▶ **Records supplied**:

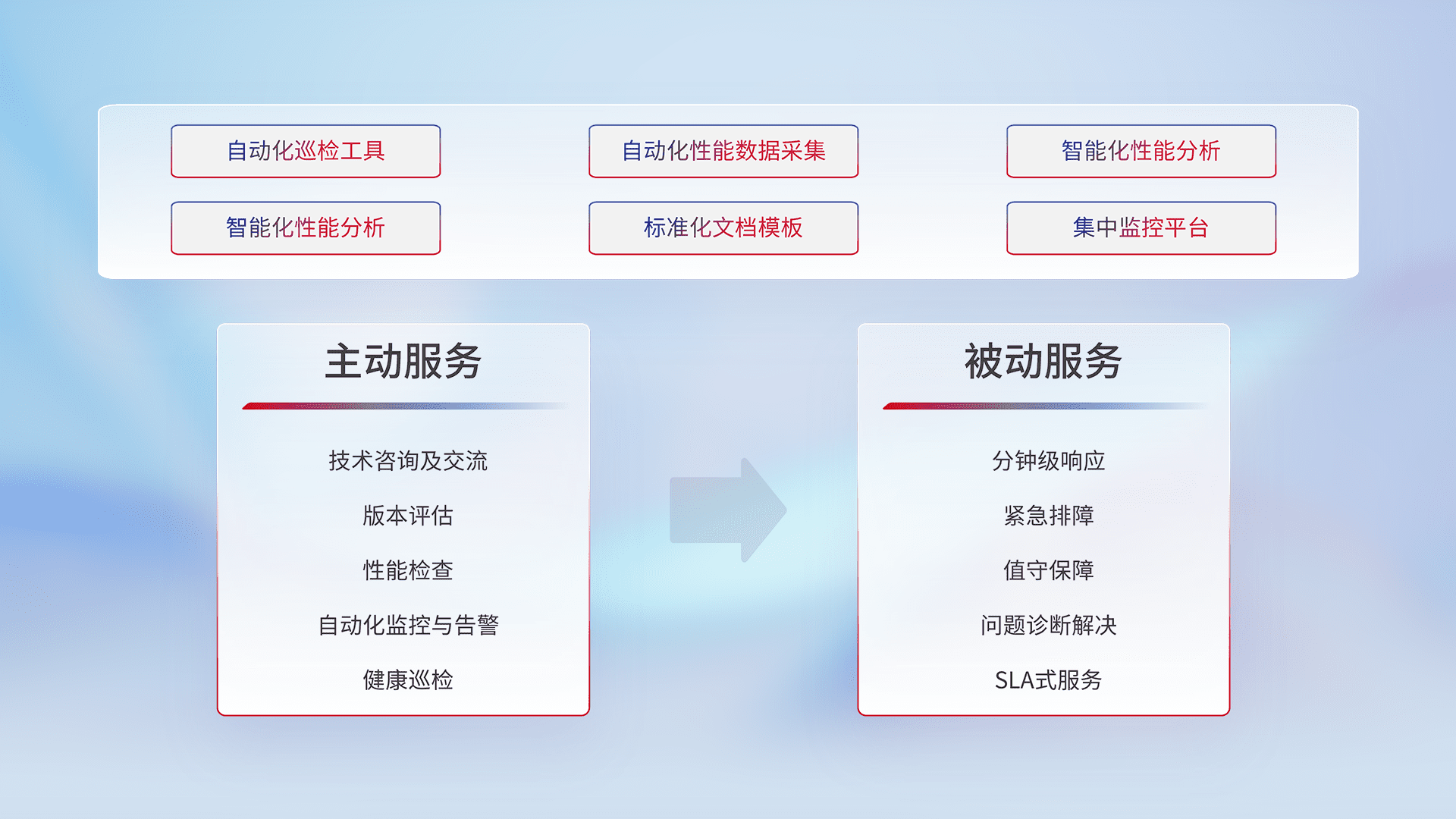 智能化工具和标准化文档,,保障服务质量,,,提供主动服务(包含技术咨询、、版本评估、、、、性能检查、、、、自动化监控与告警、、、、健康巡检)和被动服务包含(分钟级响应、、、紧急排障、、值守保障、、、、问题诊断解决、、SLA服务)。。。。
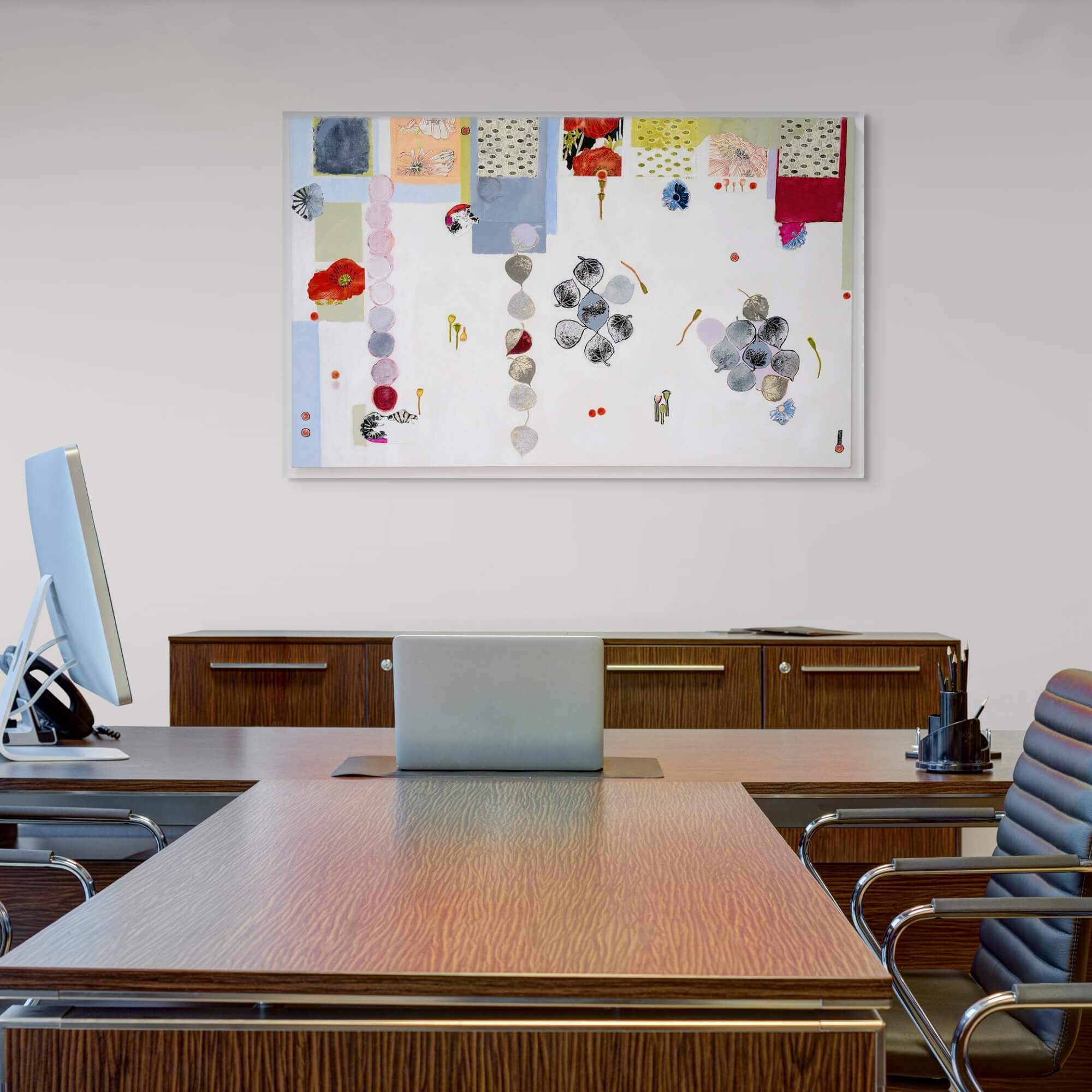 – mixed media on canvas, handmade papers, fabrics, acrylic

...

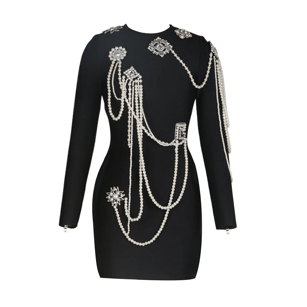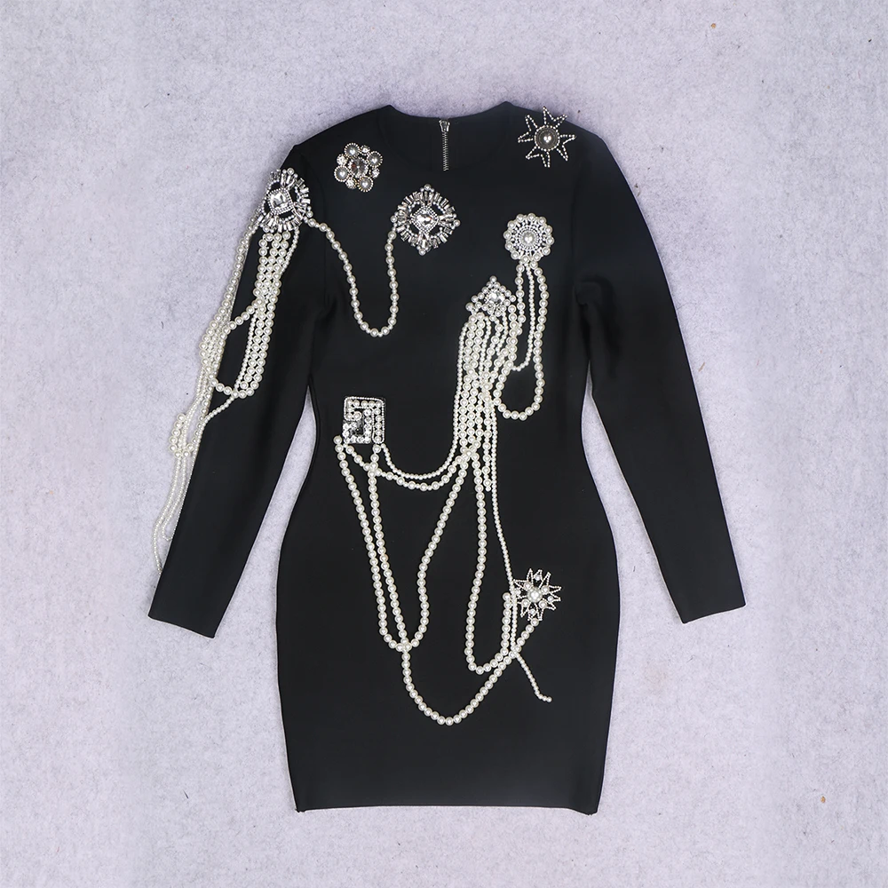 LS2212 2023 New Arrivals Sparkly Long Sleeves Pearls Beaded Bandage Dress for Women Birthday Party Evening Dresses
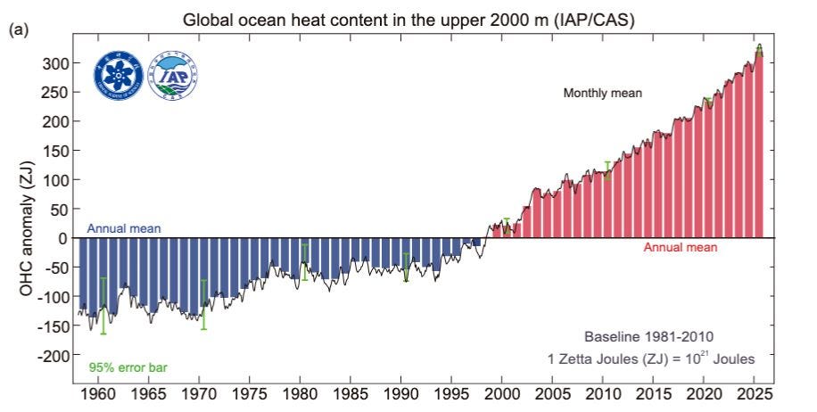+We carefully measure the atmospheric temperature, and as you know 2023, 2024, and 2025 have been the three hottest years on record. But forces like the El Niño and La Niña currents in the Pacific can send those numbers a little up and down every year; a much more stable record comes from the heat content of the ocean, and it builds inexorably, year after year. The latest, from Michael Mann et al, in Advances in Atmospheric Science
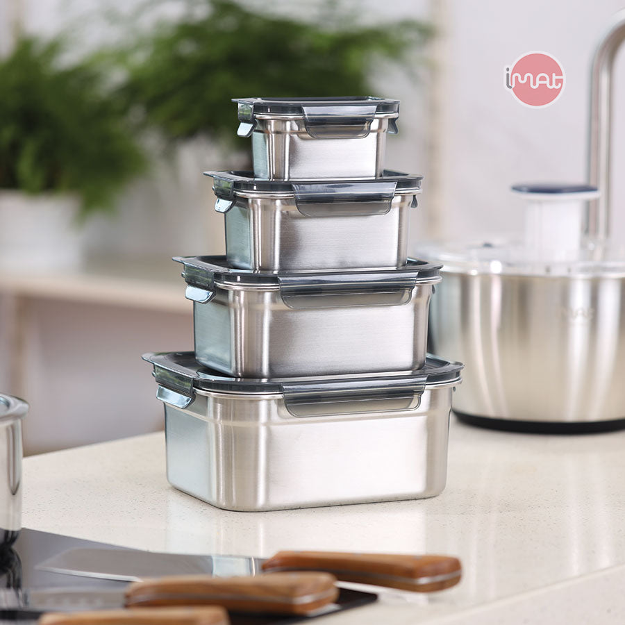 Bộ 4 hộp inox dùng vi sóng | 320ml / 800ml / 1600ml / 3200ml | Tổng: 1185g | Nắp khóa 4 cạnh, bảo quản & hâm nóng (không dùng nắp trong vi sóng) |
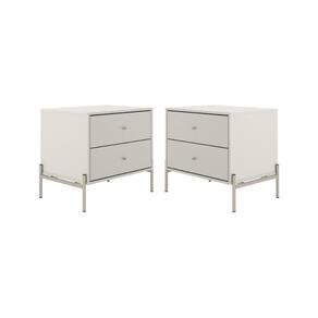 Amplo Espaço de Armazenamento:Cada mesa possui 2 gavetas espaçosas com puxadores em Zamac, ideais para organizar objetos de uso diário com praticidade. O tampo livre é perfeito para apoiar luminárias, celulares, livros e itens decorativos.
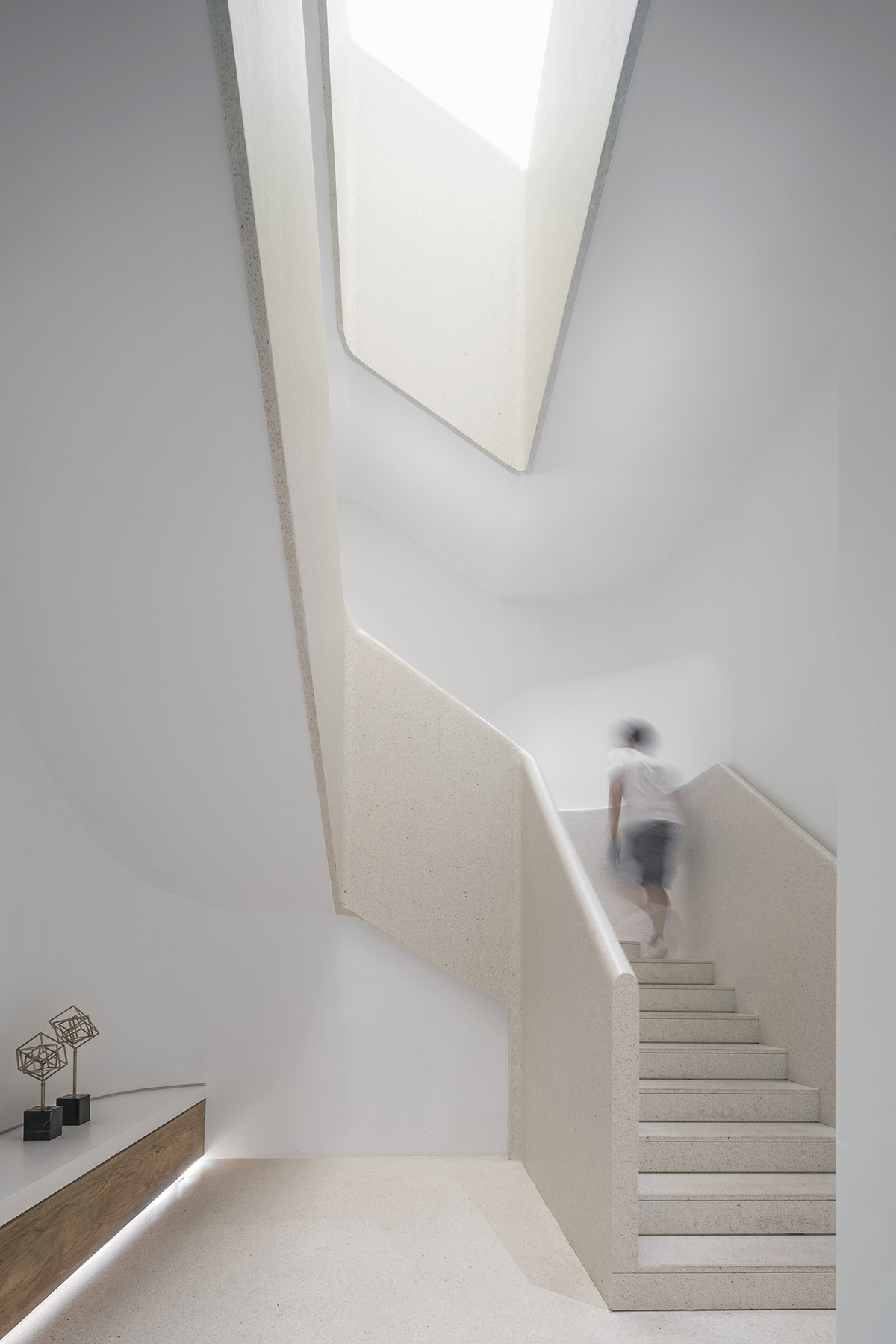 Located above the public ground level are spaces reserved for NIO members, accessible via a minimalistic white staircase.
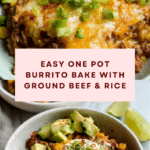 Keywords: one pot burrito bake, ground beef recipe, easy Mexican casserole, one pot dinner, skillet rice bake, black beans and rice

▶ **To do**: Since the pictures are not part of the copy, please transcribe only the lines above from the one with "Amplo Espaço de" through the one with "Keywords: one pot", exactly and with both ends.

▶ **Expected answer**:
 Amplo Espaço de Armazenamento:Cada mesa possui 2 gavetas espaçosas com puxadores em Zamac, ideais para organizar objetos de uso diário com praticidade. O tampo livre é perfeito para apoiar luminárias, celulares, livros e itens decorativos.
 Located above the public ground level are spaces reserved for NIO members, accessible via a minimalistic white staircase.
 Keywords: one pot burrito bake, ground beef recipe, easy Mexican casserole, one pot dinner, skillet rice bake, black beans and rice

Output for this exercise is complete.